Setting Sail with lets-plot
The beauty of lets-plot lies in its simplicity. To get started, ensure you have lets-plot and pandas
installed:
pip install lets-plot pandas
Then, import them:
import pandas as pd
from lets_plot import *
LetsPlot.setup_html()
With lets-plot and pandas on board, we’re ready to work our magic on visualizations!
Data Preparation
Before we dazzle our eyes with mesmerizing plots, we need some data to play with. In the first part of this tutorial, we’ll use a swashbuckling dataset of pirates and their treasure loots (available here). To import the data, we’ll rely on the trusty pandas library:
# Load the dataset
df = pd.read_csv("data/pirate.csv")
df
ship_name | ship_type | age | plunder | |
---|---|---|---|---|
0 | Blackbeard's Revenge | Galleon | 32 | 50000 |
1 | The Salty Sea Serpent | Frigate | 28 | 42000 |
2 | The Crimson Corsair | Sloop | 24 | 30000 |
3 | Calico Jack's Jewel | Galleon | 36 | 65000 |
4 | The Jolly Roger | Frigate | 22 | 38000 |
5 | The Sea Serpent | Sloop | 27 | 32000 |
6 | Captain Hook's Revenge | Galleon | 40 | 70000 |
7 | The Flying Dutchman | Frigate | 35 | 48000 |
8 | The Shadow Shark | Sloop | 30 | 35000 |
Basic Plotting
Behold the simplicity of lets-plot! Creating stunning plots is a piece of cake. Let’s start with a scatter plot to visualize the relationship between the pirates’ plunder and their age:
# A basic scatter plot
p = ggplot(df) + geom_point(aes(x="age", y="plunder"))
# Show the plot
p.show()
Customizing the Plot
Our plot might be functional, but it needs some flair, a touch of customization to make it truly memorable.
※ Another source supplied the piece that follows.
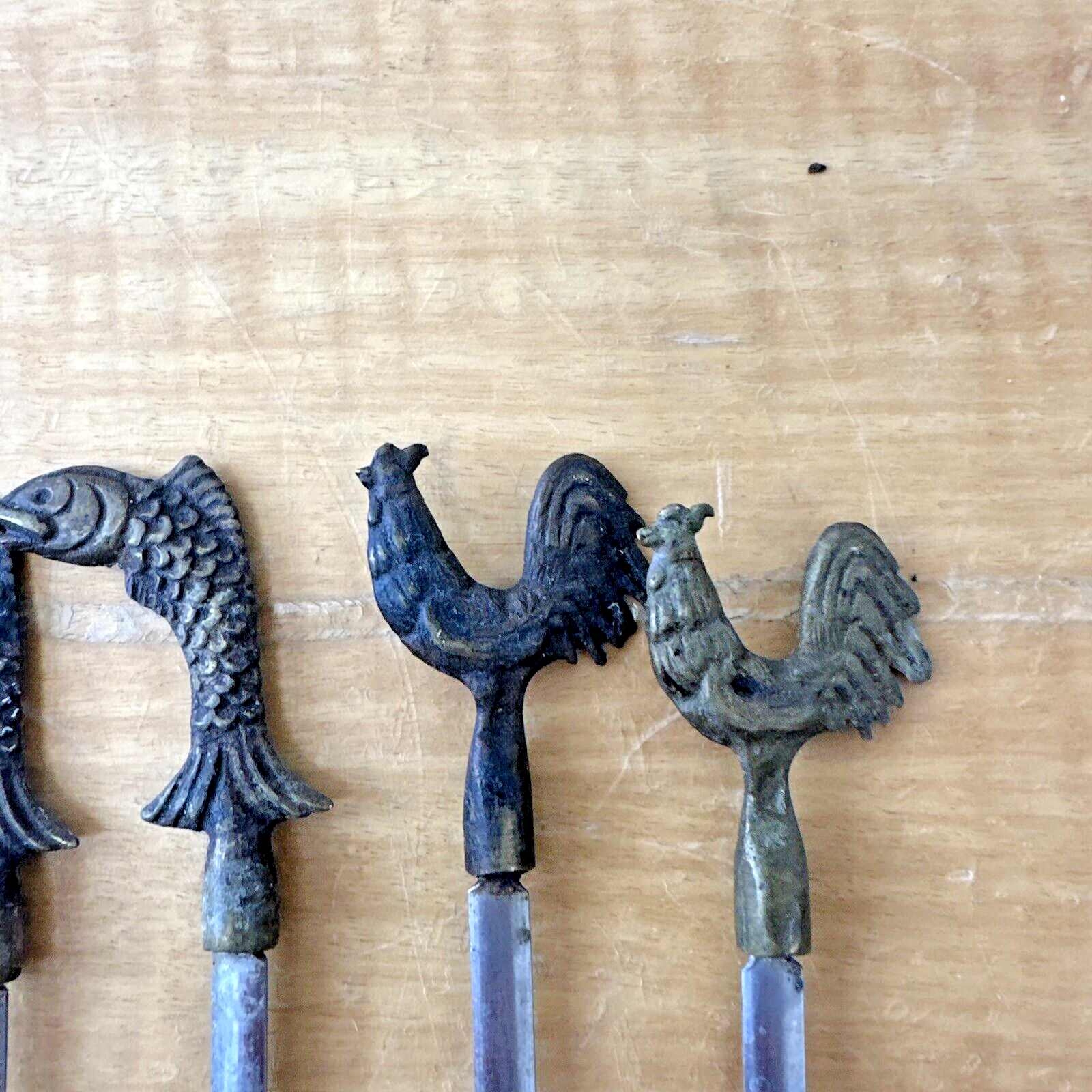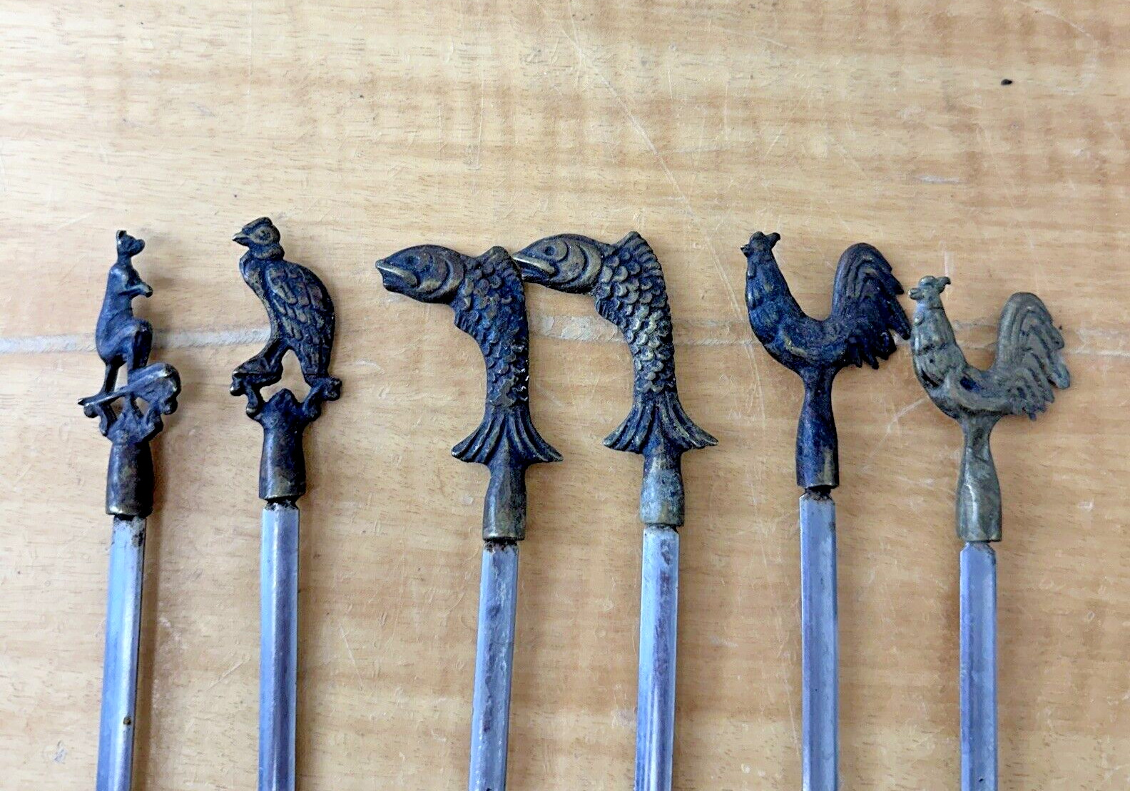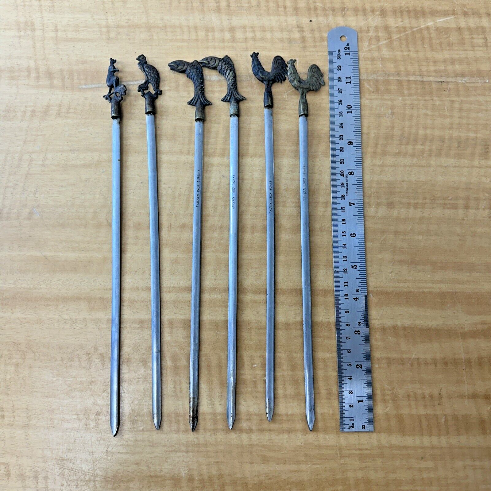 VTG 6pc Turkish Stainless Steel Brass Animals Kebob Skewers - Made in Turkey 12"

Let’s spice things up with a pirate-worthy title, axes labels, and some eye-catching aesthetics:
# Customizing the plot with labels and colors
p = (
ggplot(df)
+ geom_point(aes(x="age", y="plunder", color="ship_name"), size=5)
+ labs(
title="Pirate Plunder vs. Age",
x="Age of Pirate",
y="Plunder Amount",
color="Ship Name",
)
+ theme_bw()
+ theme(text=element_text(family="Helvetica"))
)
# Show the upgraded plot
p.show()
Faceting
Want to create a series of plots for different ship types? Faceting is the answer! Check out this neat trick:
# Faceting the plot by ship type
p = (
ggplot(df)
+ geom_point(aes(x="age", y="plunder", color="ship_name"), size=5)
+ labs(
title="Pirate Plunder vs. Age",
x="Age of Pirate",
y="Plunder Amount",
color="Ship Name",
)
+ facet_wrap("ship_type", ncol=3)
+ theme_bw()
+ theme(text=element_text(family="Helvetica"))
)
# Show the faceted plot
p.show()
A Dash of Bar Charts
Now, it’s time to delve into bar charts. Let’s visualize the average plunder by each ship type:
# Data
df_bar = df[["ship_type", "plunder"]].groupby("ship_type").mean().reset_index()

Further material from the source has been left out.